▸ **Dataset content**:
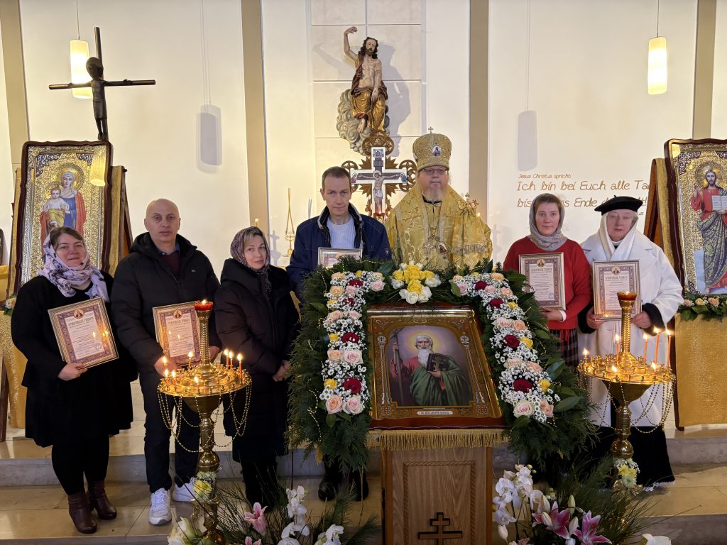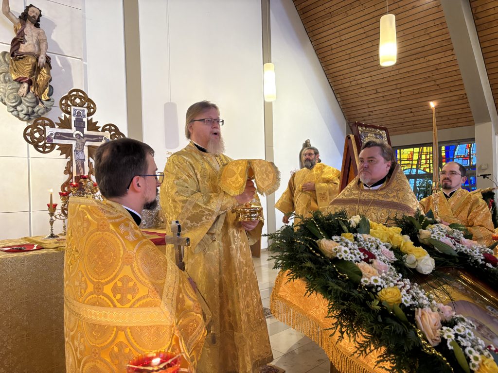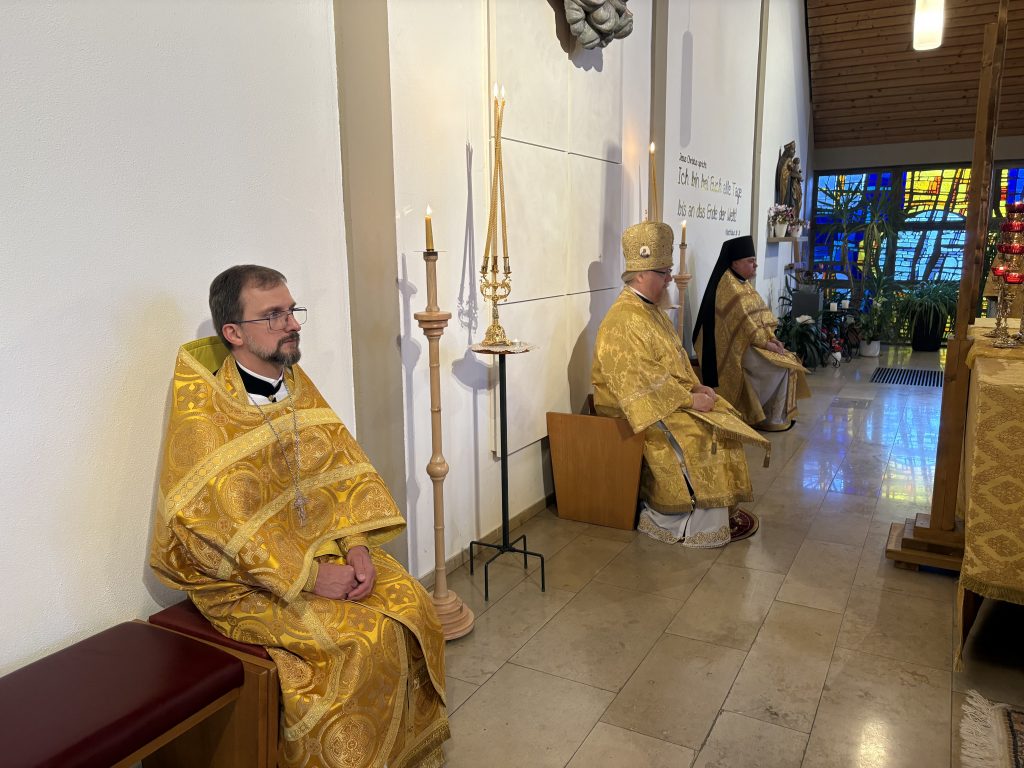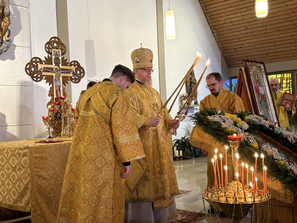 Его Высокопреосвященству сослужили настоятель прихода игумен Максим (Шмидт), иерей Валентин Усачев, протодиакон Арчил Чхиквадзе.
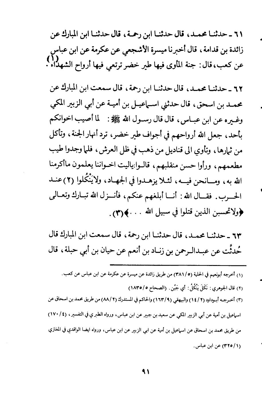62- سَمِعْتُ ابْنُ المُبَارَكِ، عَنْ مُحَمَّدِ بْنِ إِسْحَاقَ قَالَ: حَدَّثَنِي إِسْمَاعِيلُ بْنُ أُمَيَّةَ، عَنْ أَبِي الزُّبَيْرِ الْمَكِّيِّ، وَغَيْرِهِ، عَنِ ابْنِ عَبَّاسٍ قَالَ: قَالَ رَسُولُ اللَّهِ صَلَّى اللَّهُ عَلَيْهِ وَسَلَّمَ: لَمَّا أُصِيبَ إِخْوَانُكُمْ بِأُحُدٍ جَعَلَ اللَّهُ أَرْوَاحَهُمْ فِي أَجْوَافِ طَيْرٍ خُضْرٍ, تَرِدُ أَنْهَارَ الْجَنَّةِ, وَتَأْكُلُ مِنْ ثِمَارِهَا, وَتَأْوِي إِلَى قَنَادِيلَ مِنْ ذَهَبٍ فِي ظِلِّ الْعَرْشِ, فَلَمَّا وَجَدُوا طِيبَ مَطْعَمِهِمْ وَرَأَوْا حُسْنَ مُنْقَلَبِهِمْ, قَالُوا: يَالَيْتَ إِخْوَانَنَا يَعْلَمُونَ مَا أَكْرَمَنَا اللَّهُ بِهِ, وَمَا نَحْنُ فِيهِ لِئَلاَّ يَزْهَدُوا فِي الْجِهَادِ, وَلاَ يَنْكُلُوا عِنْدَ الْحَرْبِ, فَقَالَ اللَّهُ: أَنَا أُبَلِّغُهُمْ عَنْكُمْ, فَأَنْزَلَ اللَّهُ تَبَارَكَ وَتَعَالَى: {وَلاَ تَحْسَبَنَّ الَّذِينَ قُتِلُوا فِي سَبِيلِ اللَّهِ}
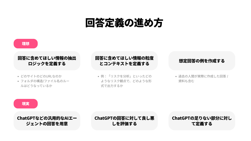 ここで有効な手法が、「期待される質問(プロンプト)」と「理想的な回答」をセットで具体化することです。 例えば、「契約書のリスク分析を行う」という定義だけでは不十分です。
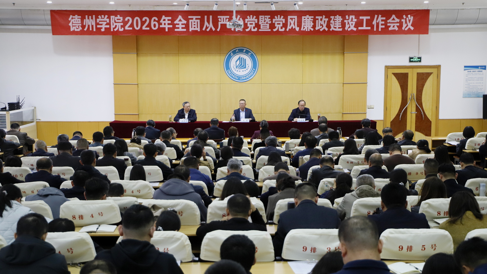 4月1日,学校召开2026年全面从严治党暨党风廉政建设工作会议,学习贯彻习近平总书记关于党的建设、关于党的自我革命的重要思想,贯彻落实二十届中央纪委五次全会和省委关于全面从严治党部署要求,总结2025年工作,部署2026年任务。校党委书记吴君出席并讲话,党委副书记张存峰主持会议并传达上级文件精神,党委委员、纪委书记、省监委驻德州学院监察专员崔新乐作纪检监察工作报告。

▸ **How to complete this task**: If you see a picture in the listing, skip it while copying everything else exactly.

▸ **Response area**:
 Его Высокопреосвященству сослужили настоятель прихода игумен Максим (Шмидт), иерей Валентин Усачев, протодиакон Арчил Чхиквадзе.
62- سَمِعْتُ ابْنُ المُبَارَكِ، عَنْ مُحَمَّدِ بْنِ إِسْحَاقَ قَالَ: حَدَّثَنِي إِسْمَاعِيلُ بْنُ أُمَيَّةَ، عَنْ أَبِي الزُّبَيْرِ الْمَكِّيِّ، وَغَيْرِهِ، عَنِ ابْنِ عَبَّاسٍ قَالَ: قَالَ رَسُولُ اللَّهِ صَلَّى اللَّهُ عَلَيْهِ وَسَلَّمَ: لَمَّا أُصِيبَ إِخْوَانُكُمْ بِأُحُدٍ جَعَلَ اللَّهُ أَرْوَاحَهُمْ فِي أَجْوَافِ طَيْرٍ خُضْرٍ, تَرِدُ أَنْهَارَ الْجَنَّةِ, وَتَأْكُلُ مِنْ ثِمَارِهَا, وَتَأْوِي إِلَى قَنَادِيلَ مِنْ ذَهَبٍ فِي ظِلِّ الْعَرْشِ, فَلَمَّا وَجَدُوا طِيبَ مَطْعَمِهِمْ وَرَأَوْا حُسْنَ مُنْقَلَبِهِمْ, قَالُوا: يَالَيْتَ إِخْوَانَنَا يَعْلَمُونَ مَا أَكْرَمَنَا اللَّهُ بِهِ, وَمَا نَحْنُ فِيهِ لِئَلاَّ يَزْهَدُوا فِي الْجِهَادِ, وَلاَ يَنْكُلُوا عِنْدَ الْحَرْبِ, فَقَالَ اللَّهُ: أَنَا أُبَلِّغُهُمْ عَنْكُمْ, فَأَنْزَلَ اللَّهُ تَبَارَكَ وَتَعَالَى: {وَلاَ تَحْسَبَنَّ الَّذِينَ قُتِلُوا فِي سَبِيلِ اللَّهِ}
 ここで有効な手法が、「期待される質問(プロンプト)」と「理想的な回答」をセットで具体化することです。 例えば、「契約書のリスク分析を行う」という定義だけでは不十分です。
 4月1日,学校召开2026年全面从严治党暨党风廉政建设工作会议,学习贯彻习近平总书记关于党的建设、关于党的自我革命的重要思想,贯彻落实二十届中央纪委五次全会和省委关于全面从严治党部署要求,总结2025年工作,部署2026年任务。校党委书记吴君出席并讲话,党委副书记张存峰主持会议并传达上级文件精神,党委委员、纪委书记、省监委驻德州学院监察专员崔新乐作纪检监察工作报告。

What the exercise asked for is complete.